The American formulation is clear:

1. As a statement of first principle, human rights are not privileges from man, but endowments from a transcendent source;

2. Who or what the transcendent source is, is a matter of individual freedom;

3. No government program, however well intended - including the Affordable Care Act - can coerce individuals (whether acting individually or for tax and regulatory purposes in private, closely held entities) to abandon their understanding of what religion requires;

4. Neither the states nor the federal government is obligated by the First Amendment, however, to accommodate religious practices against the requirements of generally applicable laws;

5. Congress may choose to have the federal Congress be more accommodating of religious belief vis-à-vis federal statutes (but not vis a vis state statues, because the states cannot be coerced to be more protective of religious belief and practice than the Constitution, itself, requires.

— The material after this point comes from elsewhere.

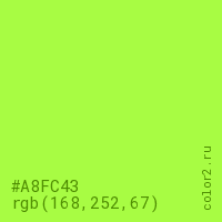 Цвет #A8FC43 в цветовой модели RGB обозначается тремя октетами (168, 252, 67) в десятичном формате и #A8FC43 в шестнадцатиричном (hex) формате, которые являются интенсивностью красного 168 (hex A8), интенсивность зелёного 252 (hex FC) и интенсивность синего 67 (hex 43).

This is a win-win victory for religious freedom in both of its senses: the freedom of the Church to urge a public policy based on its unique doctrine (e.g., the Catholic teaching on contraception that it severs the bond between the unitive and procreative aspects of marriage; and the freedom of the body politic, acting through duly elected representative, to turn down the advocacy of the Church without that in any way diminishing the rights of the Church or her believers.

Bottom line: religious freedom does not mean always accommodating a particular religious point of view. To think otherwise is confusion.

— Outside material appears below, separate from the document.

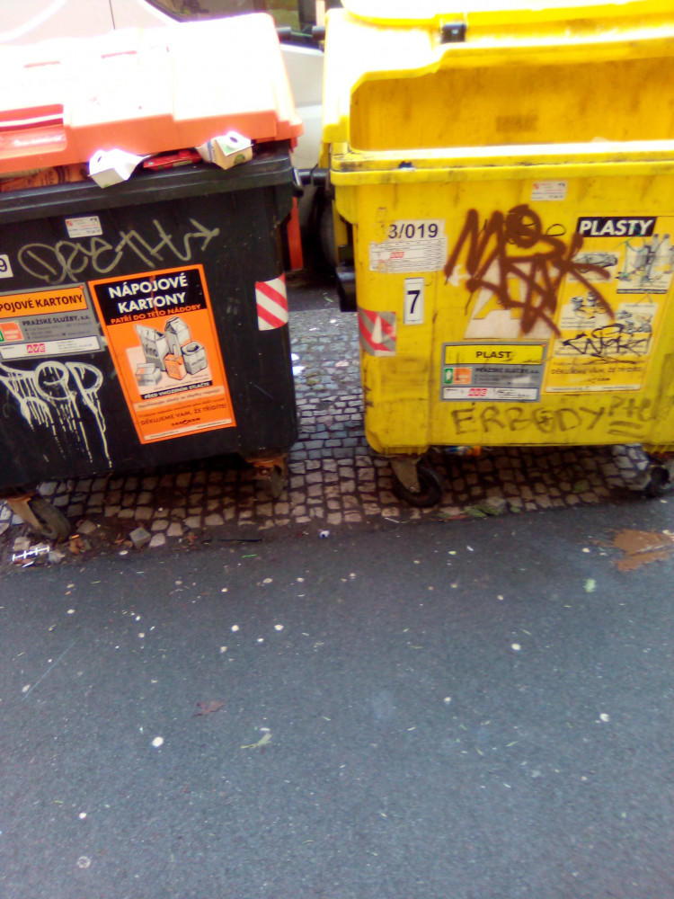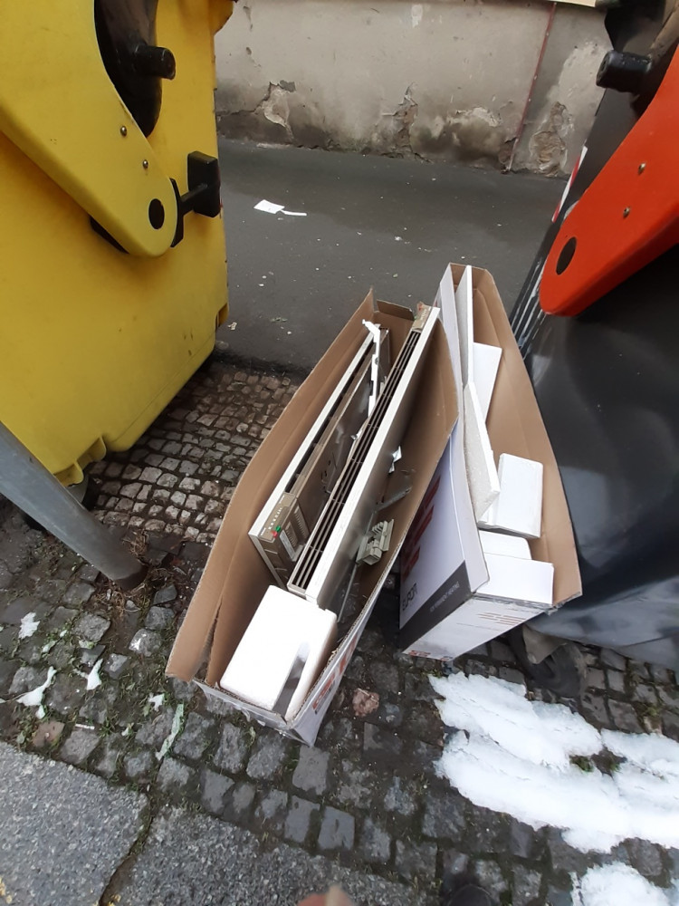 Něco elektrického, asi k počítači, na stanovišti tříděného odpadu.

That confusion, as Justice Alito reveals, need not exist. The Congress and the states can give even the additional nod toward religious freedom desired by Hobby Lobby without that establishing (in the senses of coercing) someone to believe as Hobby Lobby does. That said, the general laws do not depend upon the Constitution being given a Catholic gloss to be valid.

In this case, the laws of Congress can be construed to give, as they arguably have been so construed to give under RFRA, to give some special protections for religion that individual states have not.

Finally, to be precise, again, as I pointed out to HuffPost readers months ago, at issue in the Hobby Lobby case was the claimed application of the Religious Freedom Restoration Act (RFRA). For the reasons outlined in the Court's Hobby Lobby opinion, the Supreme Court has NOT held that a publicly-traded corporation are not persons with religious freedom rights, and the Supreme Court soundly rejected the notion that RFRA has any application to a publicly-traded company; but erring on the side of religious liberty, Hobby lobby's owner -- even in his limited form of corporation need explain -- need not subordinate his faith.

The Catholic Church in America ought to be applauding the balance exhibited by Justice Alito in his opinion for the Court. The opinion is a real victory for the Catholic Church's litigated assertion to be free of an imposed obligation to distribute contraception; while at the same time the opinion is a real victory for those who dissent from the Church's teaching on contraception.

In rejecting the Church's sometimes overbroad and un-nuanced claim for special privilege, the Court has preserved religious freedom and saved an over-broad conception of that freedom from destabilizing itself.